Bad as these are, they are as nothing to the resources in store when the object is to assail the reputation and blacken the character; to hold up some poor fellow-man – frail and erring as he may be – to everlasting shame, and mark him with ignominy forever. Alas for the best and purest! what an alloy of meanness and littleness, what vanity and self-seeking mingle with their very noblest and highest efforts. What need, then, to overwhelm the guilty with more than his guilt, and quote the “Heart” in the indictment as well as the Crime? No, no; if the best be not all good, believe me the worst are not all and hopelessly depraved. I have a right to speak of these things, as one who has felt them. For eight hours and more I listened to such a character of myself as made me sick, to very loathing, at my own identity; I heard a man in a great assembly denounce me as one of the most corrupt and infamous of mankind! I felt the eyes that were turned towards me, I almost thought I overheard the muttered reprobation that surrounded me. A number of the incidents of my changeful life – how learned I know not – were related with every exaggeration and every perversion that malice could invest them with. For a while, a sense of guiltlessness supported me; I knew many of the accusations to be false, others grossly overstated. The scenes in which I was often depicted as an actor had either no existence, or were falsehoods based upon some small germ of truth; and yet I heard them detailed with a semblance of reality, and a degree of coherence as to time and place, that smote me with very terror, since, though I might deny, I could not disprove them.

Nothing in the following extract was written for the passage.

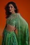 Featuring a green lehenga in georgette and modal satin base with floral print. It is paired with a blouse and a cape having crystal and pearl embroidery. Accentuate it with jewellery, embellished heels and a potli bag for a wedding ceremony or festive occasions.

To stamp me as an impostor, and my claim as a cheat, appeared to be the entire line of the defence. Indeed, he avowed openly that with all the evidence so painstakingly elicited by the opposite counsel, he should not trouble the jury with one remark. “When I tell you,” said he, “who this claimant really is, and how his claim originated, you will forgive me that I have not embarrassed you with details quite irrelevant to this action, since of Walter Carew or of any descendant of his there is no question here! I will produce before you on that table, I will leave him to all the ingenuity of my learned friend to cross-examine, one who shall account to you how the first impulse to this daring imposture was conceived. You will be astounded. It will be, I am aware, a tremendous tax upon your credulity to compass it; but I will show to your entire conviction that the man who aspires to the rank of an Irish gentleman, a vast estate, and an illustrious name, is a foreigner of unknown origin who began life as an emissary of the French revolutionary party. When secret treachery superseded the guillotine, he served as a spy; this trade failing, he fell into the straits and difficulties of the most abject poverty; the materials of that period of his history are, of course, difficult to come at. They who walk in such paths, walk darkly and secretly; but we may be able to display some, at least, of his actions at this time, – one of them, at all events, will exhibit the character of the individual, and at the same time put you in possession of an incident which, in all likelihood, originated this extraordinary action.

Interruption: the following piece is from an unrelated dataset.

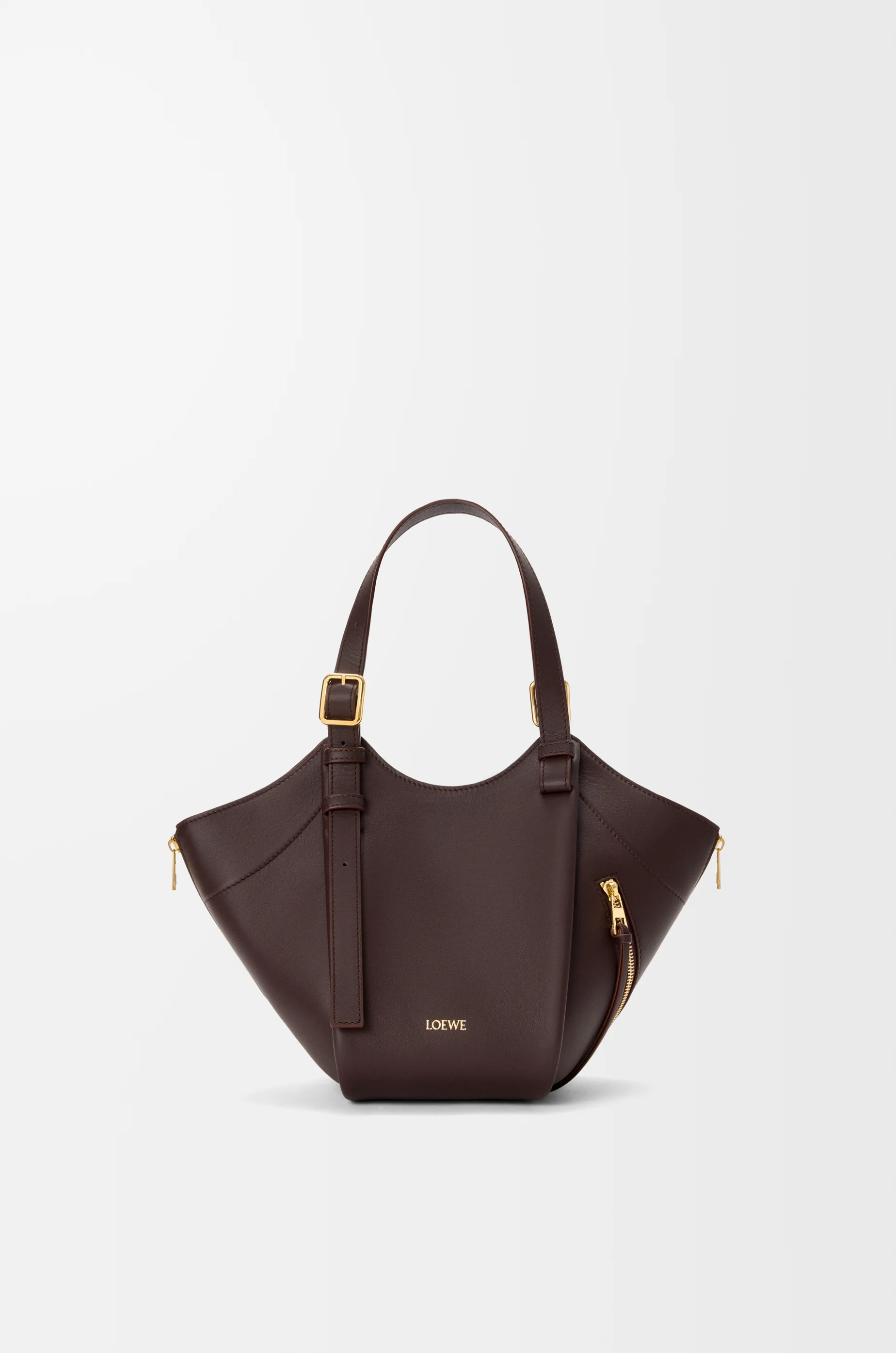 The Hammock Flip offers a soft and ultra-versatile variation on the iconic bag while maintaining the line's signature details. An innovative stitched and turned construction allows for an easy transition from a carry-all to a body-friendly hobo. This version is crafted in classic calfskin. - Shoulder, crossbody or hand carry - Detachable and adjustable strap - Magnetic closure - One external zip pocket, two internal slip pockets - Herringbone cotton canvas lining - Silver or gold embossed LOEWE Colour: Dark Chestnut Metallic colour: Gold Main material: Classic calf Strap length: 82 - 111 cm Strap drop: 38 - 53 cm Handle drop: 17 - 27 cm Weight: 0.58 kg Height: 22 cm Width: 15 cm Depth: 22.5 cm Made in: Spain

“There may be some now present in this court sufficiently familiar with London to remember a certain character well known in the precincts of Charing Cross by the nickname of Gentleman Jack. To those not acquainted with this individual I may mention that he swept a crossing in that locality, and had, by a degree of pretension in his appearance, aided by a natural smartness in repartee, attracted notice from many of the idle loungers of fashion who daily passed and repassed there. I am not able to say if his gifts were in any respect above the common. Indeed, I have heard that it was rather the singular fact that a man in such a station should be remarkable for any claim to notice whatever, which endowed him with the popularity he enjoyed. At all events, he was remarkable enough to be generally, I might say universally, known; and it was the caprice of certain fashionable folk to accord him a recognition as they passed by. This degree of attention was harmless, at least, and had it stopped at that point, might never have called for any reprobation; but modish follies occasionally take an offensive shape, and this man’s pretension offered the opportunity to display such.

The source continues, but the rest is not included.